== Directions ==
Your response to the data below should hold nothing except the lines from the one containing "Led Illuminated Lake" down to the one containing "Description: Colt Round", reproduced exactly and without pictures.

== Data extracts ==
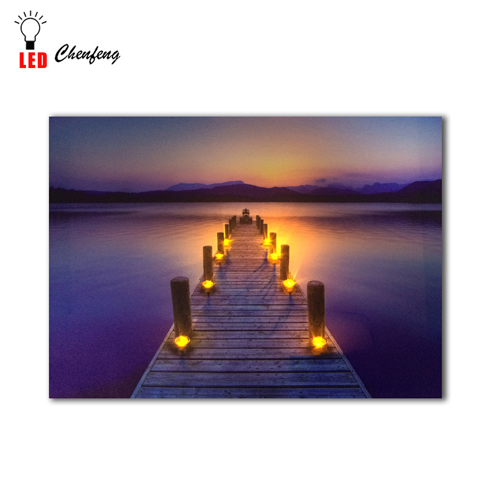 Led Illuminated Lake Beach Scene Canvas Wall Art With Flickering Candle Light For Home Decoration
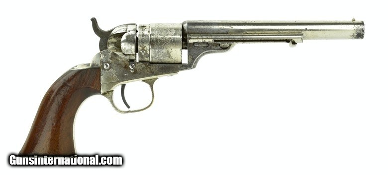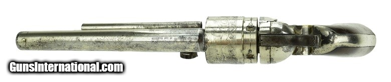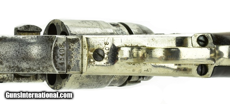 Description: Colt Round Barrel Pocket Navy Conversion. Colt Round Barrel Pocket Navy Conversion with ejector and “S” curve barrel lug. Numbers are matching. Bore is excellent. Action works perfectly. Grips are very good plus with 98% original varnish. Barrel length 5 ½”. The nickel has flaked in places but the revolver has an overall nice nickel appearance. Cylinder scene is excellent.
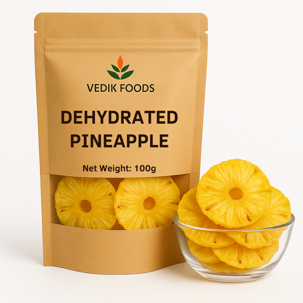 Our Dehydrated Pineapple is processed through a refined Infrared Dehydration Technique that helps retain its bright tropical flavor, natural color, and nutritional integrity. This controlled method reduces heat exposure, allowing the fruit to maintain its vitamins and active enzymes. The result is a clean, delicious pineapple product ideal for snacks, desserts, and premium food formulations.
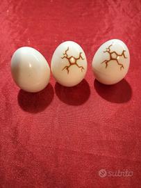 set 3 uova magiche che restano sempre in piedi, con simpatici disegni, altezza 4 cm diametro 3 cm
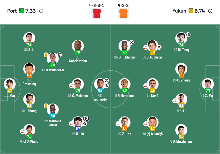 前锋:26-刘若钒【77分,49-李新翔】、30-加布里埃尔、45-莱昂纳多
==
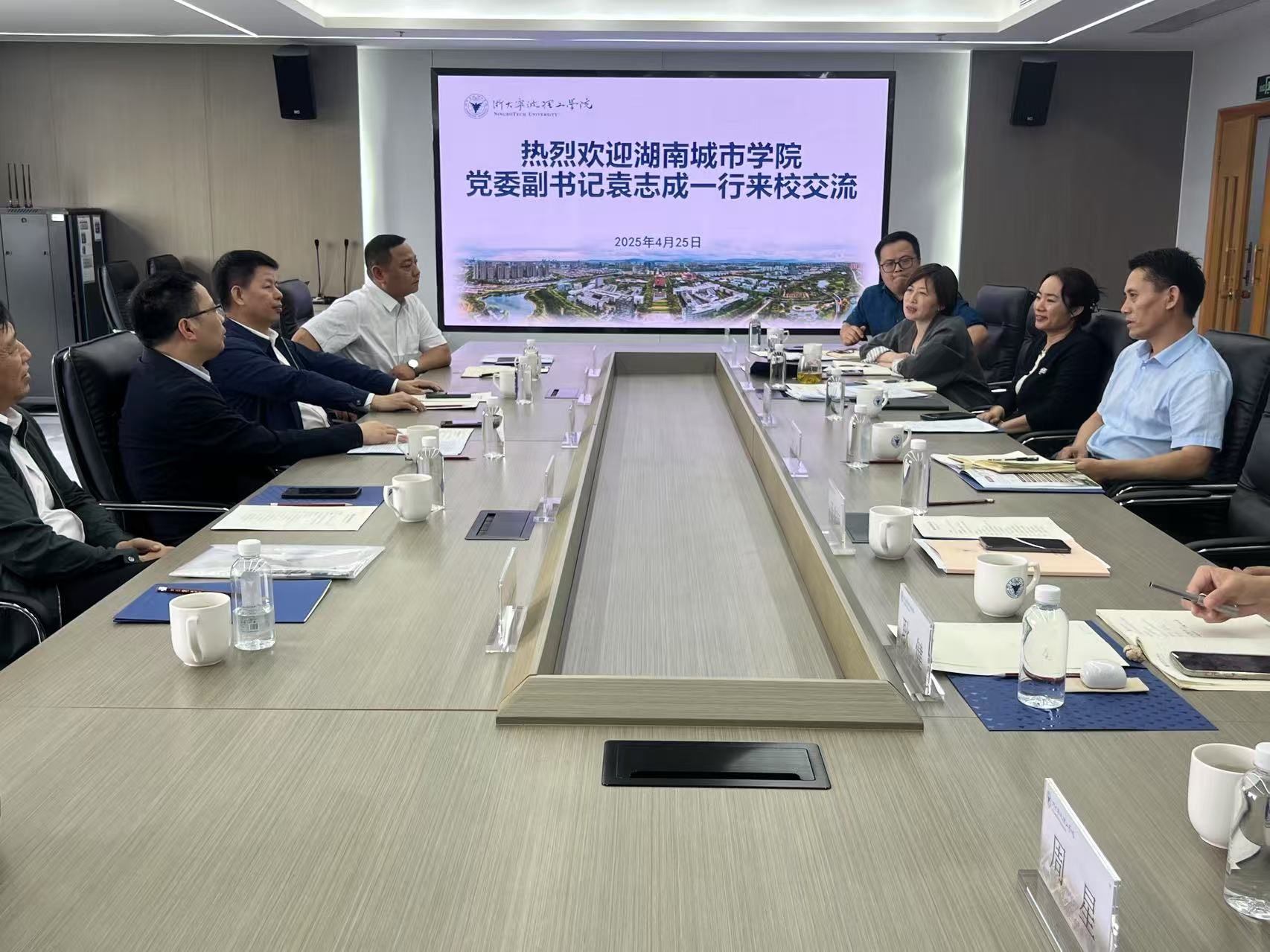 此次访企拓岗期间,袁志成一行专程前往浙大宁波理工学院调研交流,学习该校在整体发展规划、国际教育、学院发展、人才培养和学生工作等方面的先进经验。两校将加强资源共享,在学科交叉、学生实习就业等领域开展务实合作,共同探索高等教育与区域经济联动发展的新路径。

== Task response ==
 Led Illuminated Lake Beach Scene Canvas Wall Art With Flickering Candle Light For Home Decoration
 Description: Colt Round Barrel Pocket Navy Conversion. Colt Round Barrel Pocket Navy Conversion with ejector and “S” curve barrel lug. Numbers are matching. Bore is excellent. Action works perfectly. Grips are very good plus with 98% original varnish. Barrel length 5 ½”. The nickel has flaked in places but the revolver has an overall nice nickel appearance. Cylinder scene is excellent.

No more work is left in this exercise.